In this approach, I'm defining boolean auto commit in my abstract class, and my implementation defines it. Sequential will return false and Parallel will return true. Based on this flag, I have written the logic in abstract kafka consumer class. So, commit implementation is not there in implementation classes, consume and waitOptionally is implemented by implementation classes.

Approach 2

In this approach, I've defined abstract methods consume, commit and waitOptionally and implemented them in both of my implementation classes.

Approach 3

This is similar to above approach, but I've further extracted out commit and consume logic in different classes (with abstractions) and made them as composition to my Sequential class. This is done with having 1 more level of granularity in mind with respect to SOLID's SRP, so that if commit logic changes, only commit class will change, and no other code needs to change with it. In this logic, only sequential class will be aware of these compositions, as only Sequential will be using it, and abstract and parallel class will have no knowledge of these abstractions.

Approach 4

In this approach, I don't have any abstractions. Just 1 KafkaConsumer class which takes strategies as it's constructor parameters. pollStrategy, commitStrategy, consumeStrategy, waitOptionallyStrategy. And my clients can pass in whatever strategies they want to plug and play with. All the strategies will be an interface with multiple implementations and any implementation can be passed in by the client.
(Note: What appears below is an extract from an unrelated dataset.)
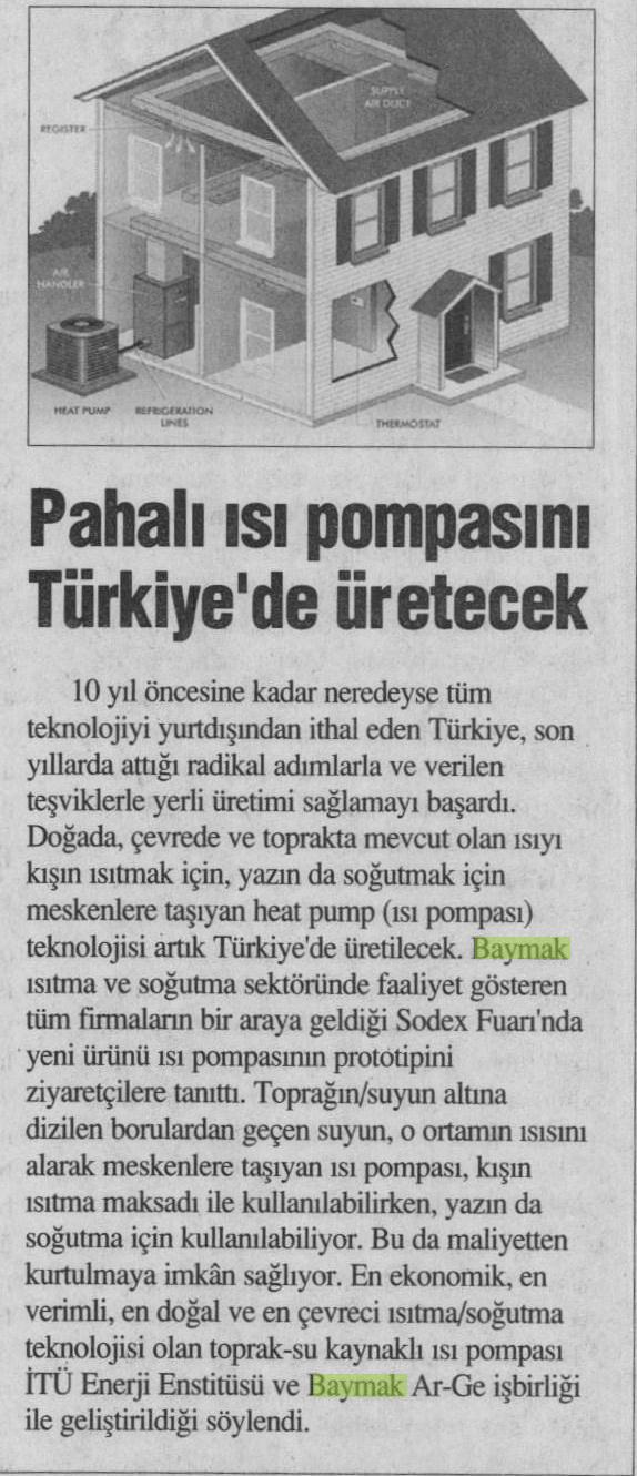 Pahalı ısı pompasını Türkiye'de üretecek 08.05.2012 İstiklal Gazetesi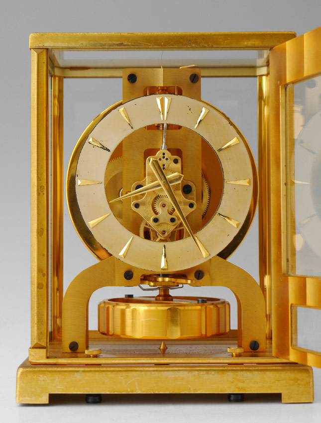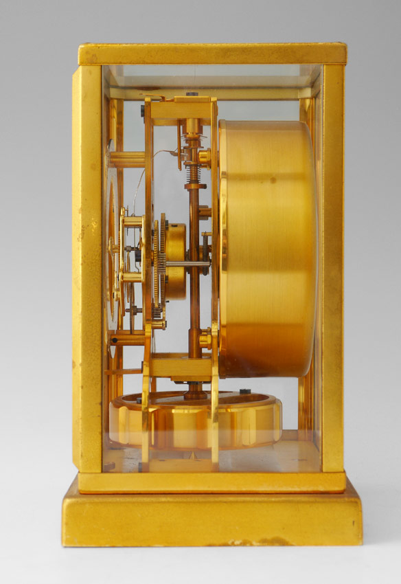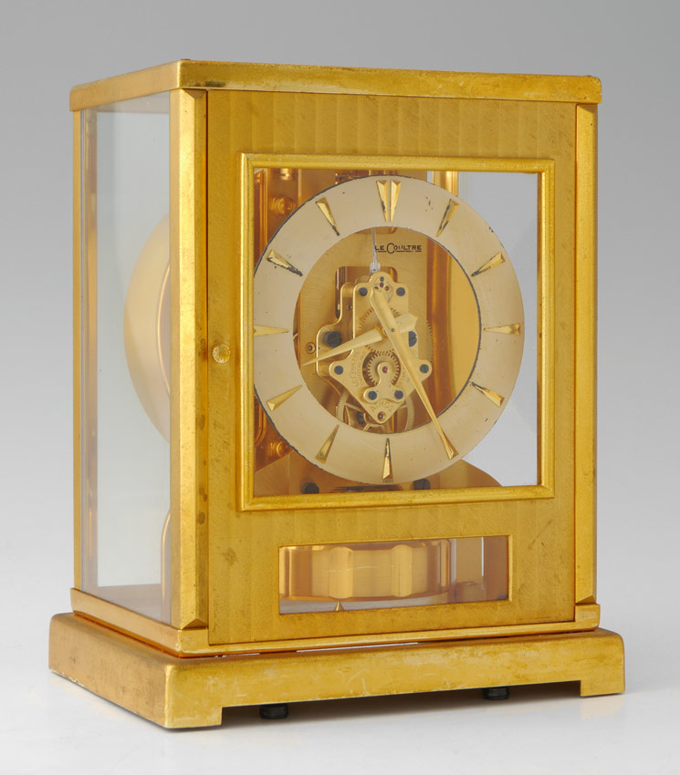 1950'S MODEL 522 LECOULTRE ATMOS CLOCK: Serial number 66500 dates to the mid 1950's, brass case with glass sides, brass front door with 2 glass windows. 15 jewel movement. Measures 9'' h. x 7'' x 5 1/4''.

Do keep in mind that some of the consume and commit strategies will have to maintain in memory state as well, which I'm keeping in the strategy class only, not exposing it to the outside world.

I'm confused on how to decide which approach should I take for my context. This is an enterprise application and although kafka is used a lot, but the frequency of change in it's implementation is EXTREMELY rare.

Approach 1 is depending on a boolean flag to implement logic, which I feel like is not extendable IF other use cases pop up, although again EXTREMELY rare.

Approach 2 is good, but the Sequential class ends up with too much logic, consume has it's own logic and state, commit has it's own logic and state, all in one class.

Approach 3 is what I'm aligned with, where I have defined the implementations, and further more extracted out the commit and consume logic in different classes with abstractions. I feel like that is just the right amount of granularity I can live with.

Approach 4 is too granular, where I'm making my clients understand what strategy does what, where else most of the time the clients just want to consume the messages, not worrying about the underlying logic.